Another concern, raised by members of the Council’s advisory committee, is that the redeveloped GENESYS does not model generator forced outages stochastically and, therefore, is overestimating adequacy (i.e., underestimating LOLP). Currently, the model simply derates generating resource capacity by an average forced outage rate of 5.9 percent. This is a valid concern because thermal system forced outage rates will often exceed 5.9 percent, which could lead to shortfall events. The probability density function for aggregate system forced outage rates generally follows a Weibull distribution. A Weibull distribution is like a normal distribution but has a shorter and steeper curve from zero to the mean value, followed by a flatter and longer tail-end distribution. From past studies using the classic GENESYS (which models forced outages stochastically), aggregate system forced outage rates for the regional thermal fleet range from zero (unlikely), to an average of about 6 percent, to a high of 25 percent or greater (very unlikely). The regional thermal fleet has about 150 plants, so an aggregate forced outage rate of 25 percent means that one quarter of the fleet or about 37 plants would be out of service during a particular hour. We have observed aggregate forced outage rates that high in classic GENESYS simulations, but they occur infrequently relative to the number of simulated hours.      

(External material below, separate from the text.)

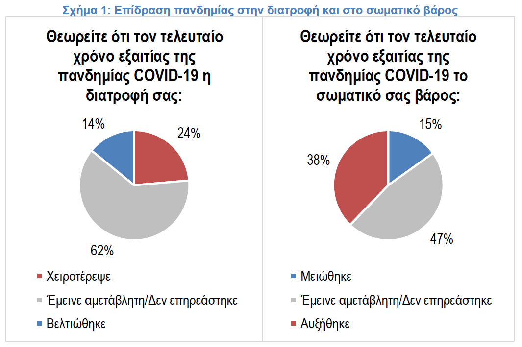 Στην έρευνα καταγράφεται σαφώς μία σημαντική επίδραση της πανδημίας και συγκεκριμένα των μέτρων περιορισμού κυκλοφορίας και της παραμονής στο σπίτι στην διατροφή των καταναλωτών και στο σωματικό τους βάρος. Το 38% των καταναλωτών δηλώνουν ότι την χρονιά που πέρασε αυξήθηκε το σωματικό τους βάρος, ενώ μόλις ένα 15% ότι μειώθηκε. Παράλληλα, 24% δηλώνει ότι την χρονιά που πέρασε χειροτέρεψε η διατροφή τους, ενώ ένα 14% ότι βελτιώθηκε. Τα αποτελέσματα δείχνουν ότι για τις διατροφικές συνήθειες της πανδημίας, το «ισοζύγιο θετικών και αρνητικών» επιδράσεων, τείνει προς αρνητικό πρόσημο. Παρότι κατά τη διάρκεια των lockdown συνήθειες όπως η μαγειρική στο σπίτι επέδρασσαν θετικά στο κομμάτι της διατροφής, άλλοι παράγοντες όπως η αύξηση των παραγγελιών έτοιμου φαγητού και η έλλειψη σωματικής άσκησης αντιστάθμισαν τα όποια οφέλη. Επομένως πέρα την επιστροφή στην κανονικότητα σε σχέση με τις αγοραστικές συνήθειες, πλέον βλέπουμε και την αρχή μίας μακράς διάρκειας διαδικασίας επιστροφής στην κανονικότητα και για τις διατροφικές συνήθειες.

The redeveloped GENESYS has the infrastructure to model forced outage rates stochastically, but due to run-time constraints (i.e., to allow studies to complete overnight), a decision was made to use a flat outage rate for these studies. It is difficult to guess how the LOLP might change if forced outages are modeled stochastically. However, results from the early coal retirement study described above can provide some perspective. Removing 1,331 megawatts of thermal capacity is equivalent to increasing the flat forced outage rate from 5.9 to 16.9 percent. That means that a flat 16.9 percent forced outage rate would theoretically increase the LOLP by less than one percent in 2025. This may also seem surprising at first but, as with the early coal retirement case above, there appears to be sufficient unutilized thermal fleet capacity in 2025 to offset the lost capacity. Unfortunately, this does not explicitly answer the question. Given that the aggregate forced outage rate could be higher than 16.9 percent, it is possible that modeling outages stochastically would result in a higher LOLP. The Council will continue to investigate this.  

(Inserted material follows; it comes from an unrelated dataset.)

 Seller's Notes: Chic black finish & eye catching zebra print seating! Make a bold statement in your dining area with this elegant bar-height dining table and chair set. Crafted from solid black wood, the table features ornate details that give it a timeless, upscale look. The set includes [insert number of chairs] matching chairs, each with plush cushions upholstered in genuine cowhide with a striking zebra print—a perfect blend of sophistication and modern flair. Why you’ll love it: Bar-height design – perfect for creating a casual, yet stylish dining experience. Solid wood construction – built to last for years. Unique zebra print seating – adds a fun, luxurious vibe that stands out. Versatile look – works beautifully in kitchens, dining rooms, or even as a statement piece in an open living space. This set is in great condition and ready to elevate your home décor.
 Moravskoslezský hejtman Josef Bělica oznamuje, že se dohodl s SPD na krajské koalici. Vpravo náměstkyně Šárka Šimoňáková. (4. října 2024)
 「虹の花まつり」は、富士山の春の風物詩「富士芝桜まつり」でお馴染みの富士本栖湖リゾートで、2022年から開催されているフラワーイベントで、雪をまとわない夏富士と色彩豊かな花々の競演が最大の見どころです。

Effects of High Load Growth    

The Council’s capital expansion model examines a 20-year study horizon with a very wide range of load variation. However, to capture the effects of an accelerated load growth, the Council analyzed a future scenario with much higher loads tied to actions aimed at reaching a high level of decarbonization. As anticipated, resource needs for the decarbonization scenario were greater. The Council used these results along with results from all other scenarios to develop its resource development plan.      

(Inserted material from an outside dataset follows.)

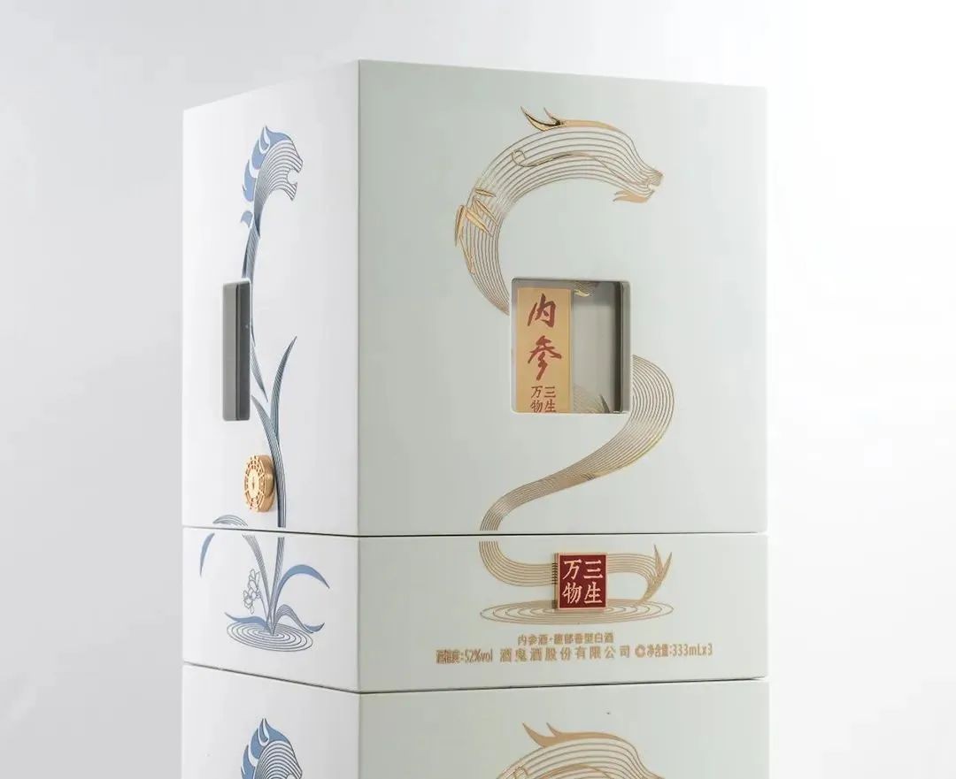 在品牌包装设计上,内参·三生万物有着突破常规的表达。产品采用四方外形,顶部压印圆形两仪图案,寓意天圆地方。纯白盒身之上以红、黄、蓝三原色为点缀,盒外龙、凤、兽插画与内瓶呼应,对应酒鬼酒的取水源头“龙凤兽”三泉。瓶身白如凝脂,温润如玉,沿用内参经典造型,其333mLX3的规格意味更不言自明。

However, it is often important to understand how a specific parameter can affect adequacy in isolation. Toward that end, we can again refer to the 2025 early coal retirement study to get a sense of how a higher level of demand can affect adequacy. In that sensitivity study, the removal of 1,331 megawatts of thermal capacity can be interpreted as being equivalent to raising demand in every hour by 1,331 megawatts – at least it is a fair approximation. Increasing the expected winter peak load of 32,600 megawatts by 1,331 megawatts represents about a 4 percent increase in peak load. This means that a 4 percent increase in peak load (in 2025) is estimated to increase the LOLP by less than one percent. It should be noted that the effect of higher loads on adequacy can vary significantly in later years due to overall load growth, changes in market availability and price, continuing climate change trends and other factors.